É seu preconceito contra os trabalhadores e retirantes por serem pouco instruídos, sem título universitário, sem princípios políticos flexíveis e pragmáticos e não preparados para a ditadura fascista mascarada de democracia.
Você foi sensível à canção patriótica “mulher brasileira em primeiro lugar”. A exemplo da Argentina, Islândia, Finlândia, Índia e Filipinas você optou por uma mulher no governo. Impôs o nome de sua protegida para substituí-lo na Casa Civil que ela conhece bem. Genial. Um passo gigantesco contra a discriminação da mulher. Falta saber se foi esse o sentido e a intenção de sua decisão pessoal, isolada, soberana. Talvez essa imposição da protegida tenha nascido do desconforto que lhe gera a inapetência política de dona Marisa, preocupada com a elegância da moda e o penteado do cabelo.

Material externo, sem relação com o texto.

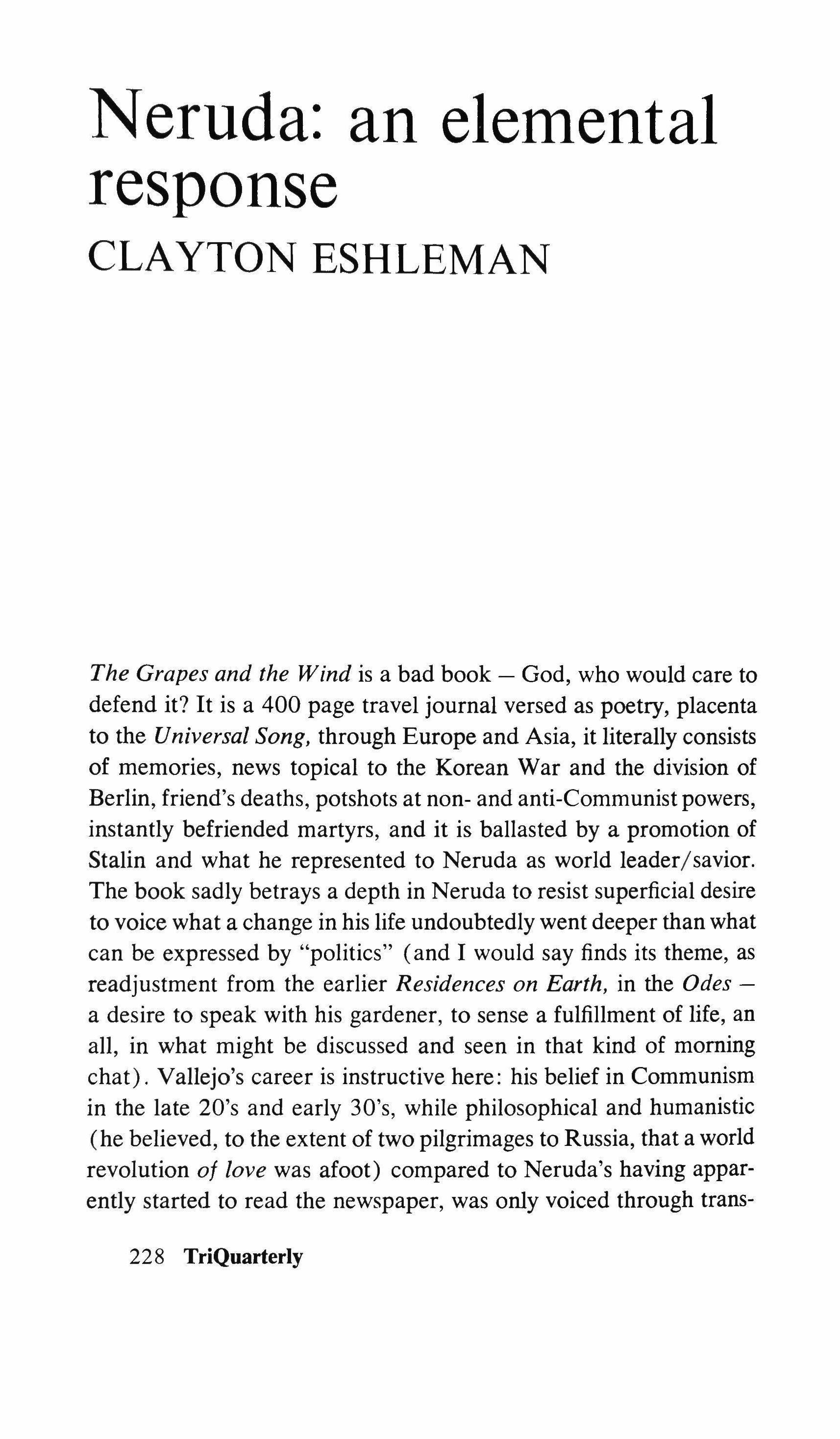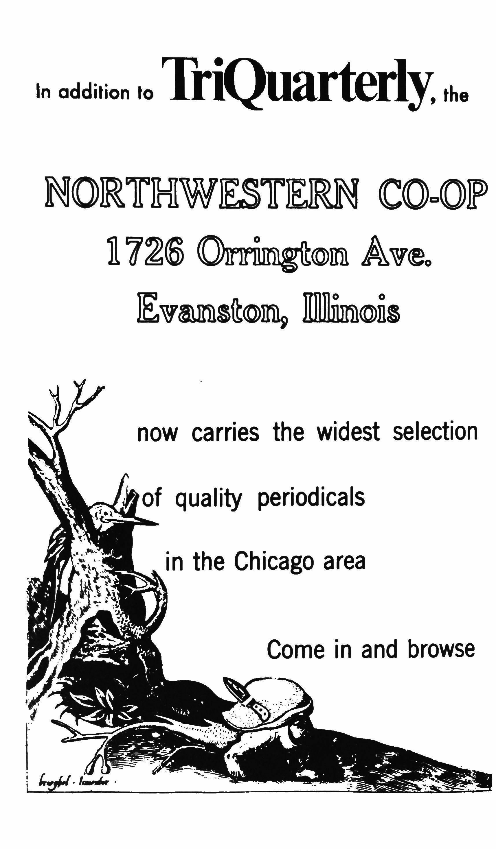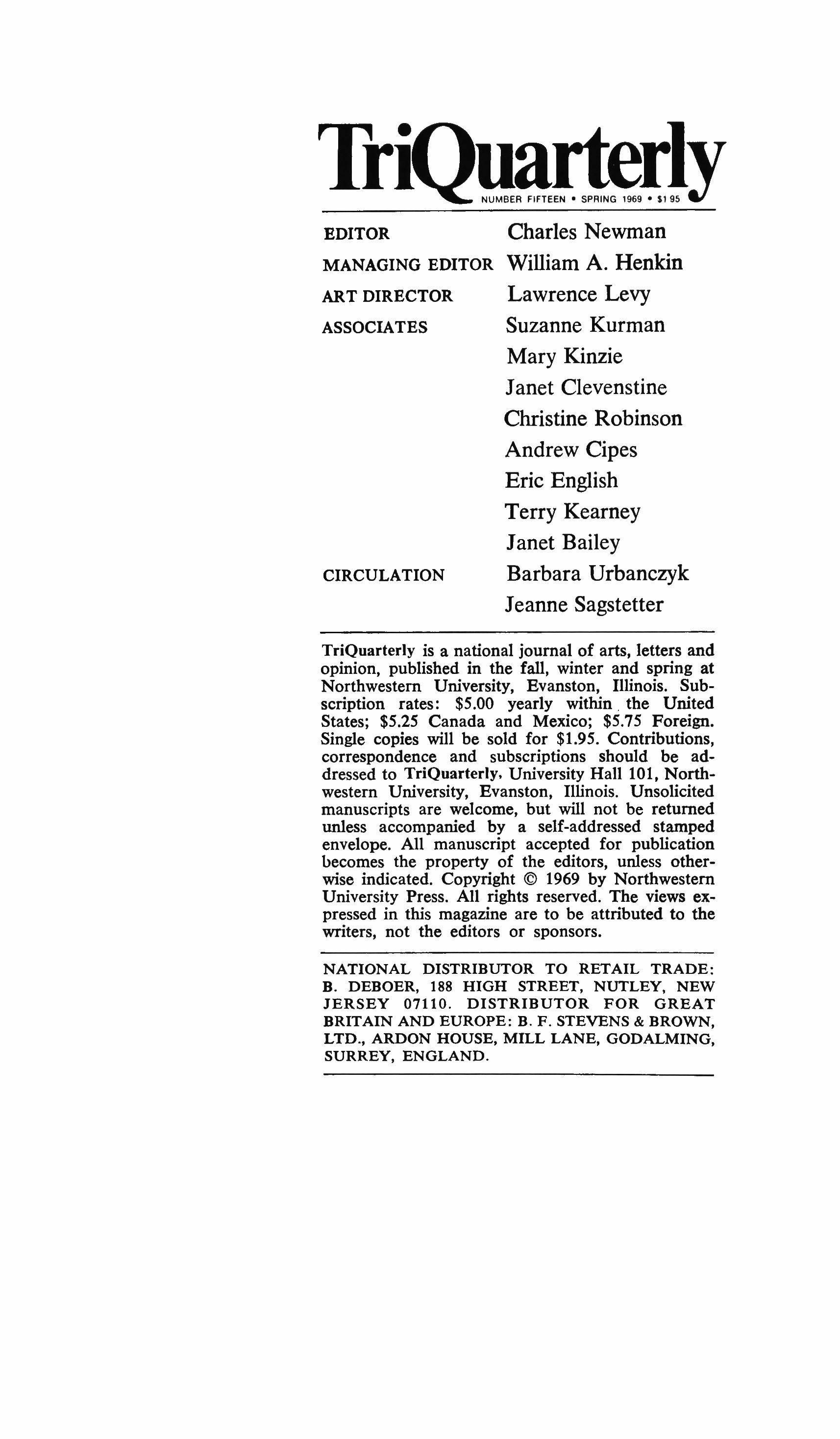 TriQuarterly is a national journal of arts, letters and opinion, published in the fall, winter and spring at Northwestern University, Evanston, Illinois. Subscription rates: $5.00 yearly within. the United States; $5.25 Canada and Mexico; $5.75 Foreign. Single copies will be sold for $1.95. Contributions, correspondence and SUbscriptions should be addressed to TriQuarterly, University Hall 101, Northwestern University, Evanston, Illinois. Unsolicited manuscripts are welcome, but will not be returned unless accompanied by a self-addressed stamped envelope. All manuscript accepted for publication becomes the property of the editors, unless otherwise indicated. Copyright © 1969 by Northwestern University Press. All rights reserved. The views expressed in this magazine are to be attributed to the writers, not the editors or sponsors.

Você foi generoso com seus inimigos e não lhes negou o abraço, a acolhida, os convites para sentar à mesa nem dispensou o apoio mediante condições e concessões. Poderia ter sido mais generoso com centenas de mulheres mais aptas a governar o país ou com a companheira Marina Silva que se uniu à sua vida pela mesma origem humilde e digna. Ela está mais próxima da utopia de um Brasil diferente e possível. Mas você não quer um Brasil diferente e possível, mais além de sua miopia política. Você quer um Brasil estável, composto de camadas que se sustentam umas às outras em busca da felicidade imediata e no grau suportável de ilusão primitiva.
Você, como poucos, conhece o povo brasileiro. Sabe que não tem memória e os acontecimentos da semana passada não interessam. Prefere não lembrar-se da conta da luz e da água, do imposto de renda e do INSS. Esquece toda essa dinheirama que foi descansar na conta do banco, na meia, na cueca de algum aloprado. Por isso, ninguém se importa que você tenha esquecido o que disse do Collor e do Sarney e dos 300 picaretas que agora o bajulam. Você sabe quem roubou e quanto roubou, mas sabe que o povo não liga para esse costume nacional e até acha astúcia admirável e olha embasbacado o esperto ladrão que desfila em carro luxuoso ou voa em jatinho próprio. O povo apenas quer a parte que lhe toca e não é muito. Um pouco mais que nada. Você encarnou essa sabedoria popular, essa mistura de vícios e virtudes patrióticas que, de repente, o povão crê ter chegado com você ao poder, se considera presidente da república e não quer sair da Casa Civil.
Campeão de popularidade, inflado de povo, intumescido de bajuladores, blindado por aloprados, você esbanja ironia e sarcasmos, zomba dos adversários, ataca o TCU, despreza os tribunais eleitorais, vocifera contra os que ousam pedir moralidade, ética e postura civilizada.
Quem ousa dizer que você é um boquirroto, que se tornou igual aos políticos mentirosos, lenientes, inescrupulosos, cínicos é logo colocado no banco da elite que atrasa como nunca antes este país.
Você é extraordinário. Formou a própria elite, deu-lhe um endereço privilegiado e encheu-a de favores especiais para igualar-se a elite verdadeira e antiga que o sustenta no poder.
Você é extraordinário e está levando o país ao fascismo sem causar dor à inteligência das esquerdas que perderam a vergonha, afetadas pelo Alzheimer.